Before eating, perform a mindful check-in to label your emotions and rate your hunger (1-10), helping to discern if you are truly hungry or eating due to emotions like boredom.

22. Practice Mindful Eating

If prone to compulsive eating, practice mindful eating by checking in with hunger, slowing down, and increasing body awareness to improve insulin sensitivity, glucose regulation, and long-term weight management.

23. Use HIIT to Reduce Cravings

Engage in high-intensity interval training (HIIT) or other short-term physical stressors to metabolize stress in the body, which can help break the compulsive eating cycle and reduce cravings.

24. Surf the Urge

When experiencing a craving (e.g., for sugary drinks), observe the craving pass without immediately consuming, understanding that the urge will subside over time with practice.
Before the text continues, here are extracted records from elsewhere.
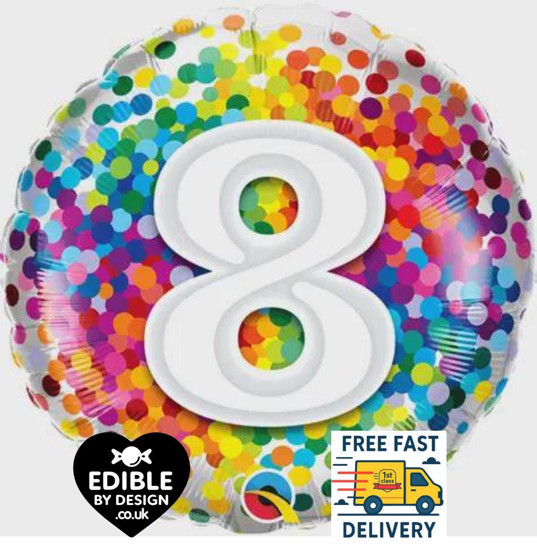 Rainbow Confetti Foil Age 8 Balloon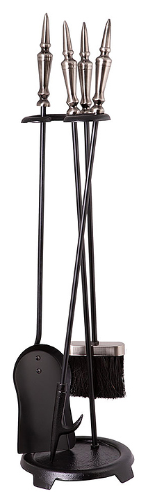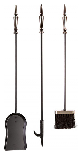 Каминный набор Royal Flame T40100ASK используется совместно с дровяными каминами и печами для безопасного перемещения поленьев и ворошения углей, очистки топочной камеры от золы и сажи, а также для органичного дополнения интерьера благодаря стильному лаконичному дизайну. Модель состоит из подставки и 3 инструментов: кочерги, щетки и совка. Подставка оснащена устойчивым круглым основанием с 3 ножками и держателем для компактного хранения инвентаря, аксессуары имеют длинные фигурные рукоятки с удобным захватом. Набор изготовлен из стали и чугуна. Дополнительные характеристики: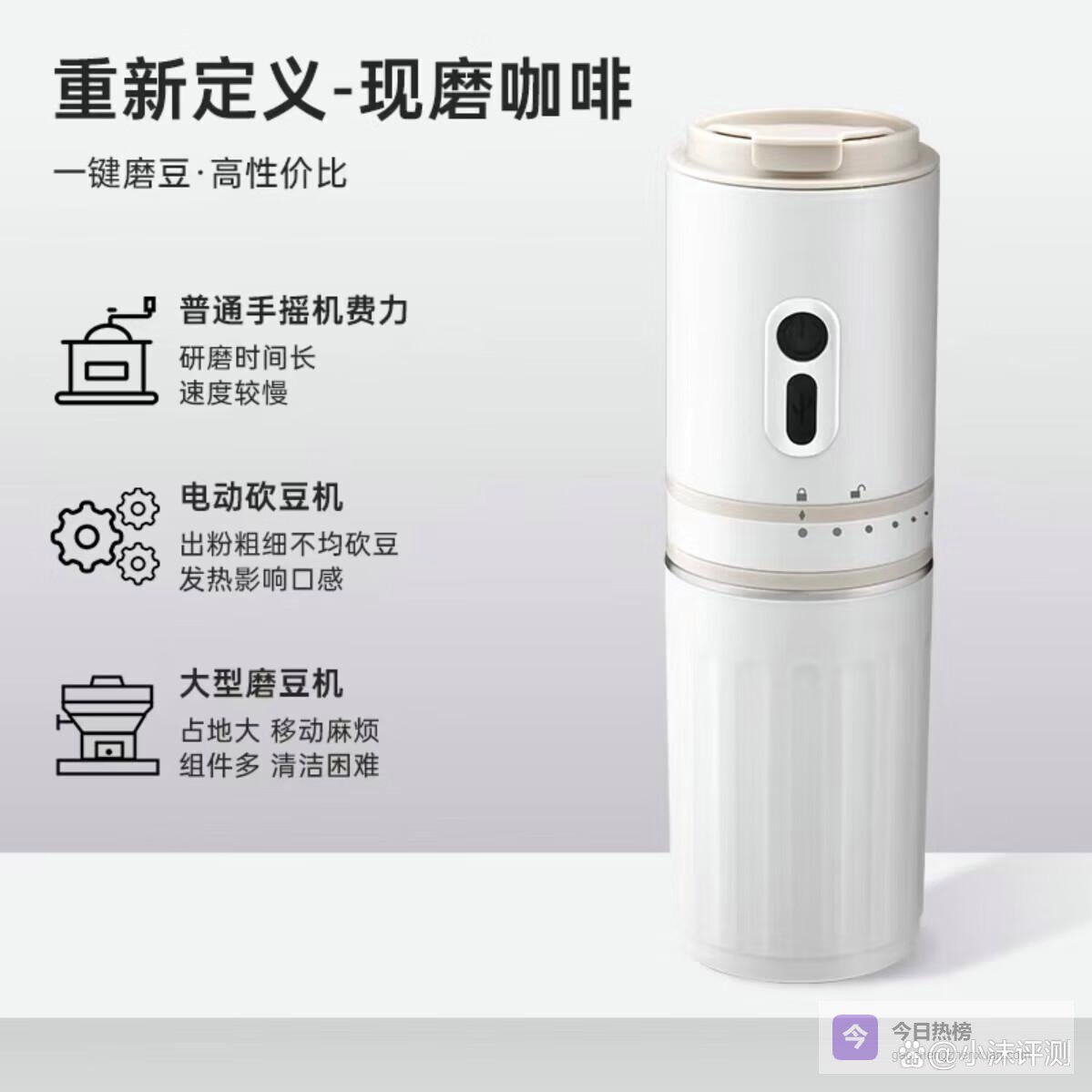 内部结构方面,精密滤网有效过滤咖啡粉末,提升咖啡口感的纯净度。带有阻力感应的磨豆仓,磨豆完成自动断电,用着安全又放心。整体一体化设计,结构紧凑,清洗和收纳都方便,基本满足日常便携需求。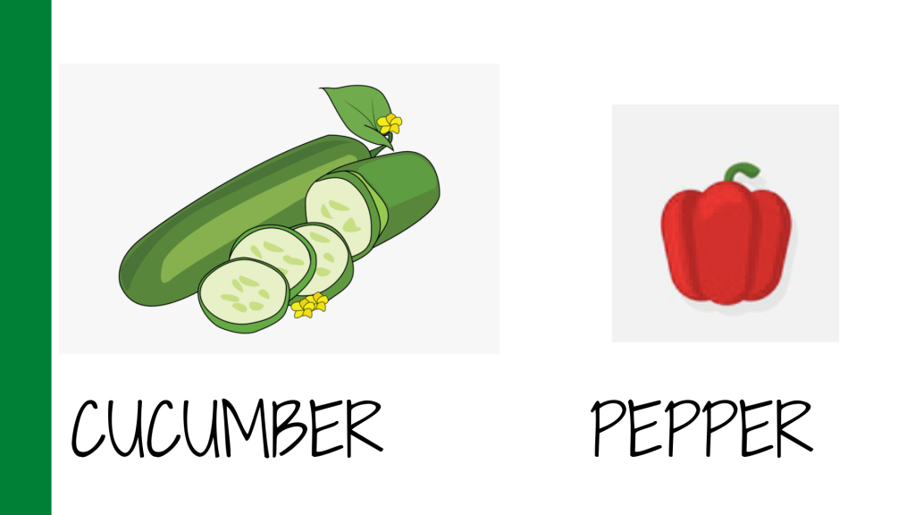 Repasamos el vocabulario, diciendo los nombres de las verduras según vemos las imágenes

25. Establish Food-Safe Environments

Remove tempting foods like soda from your home and workplace to create environments that do not trigger cravings and compulsive eating, making it easier to avoid unhealthy choices.

26. Mindfully Taste Processed Foods

Eat highly processed or ‘junk’ food very slowly and mindfully to experience its actual taste and texture, often revealing it to be less satisfying than anticipated and reducing its perceived reward.

27. Savor Small Food Portions

Practice savoring small amounts of truly rewarding foods, like good chocolate, by eating slowly to fully enjoy the experience without needing to feel full or binge.

28. Leverage Dissonance Against Marketing

Understand how the food industry manipulates desires and designs addictive foods to reduce reward drive and compulsive eating, fostering a sense of rebellion against unhealthy choices.

29. Ensure Electrolyte Hydration

Drink one packet of Element in 16-32 ounces of water first thing in the morning and during physical exercise to ensure adequate hydration and electrolytes for optimal brain and body function and to prevent diminished cognitive and physical performance.

30. Use NSDR for Energy

Engage in yoga nidra or non-sleep deep rest (NSDR) for even 10-minute sessions to greatly restore levels of cognitive and physical energy.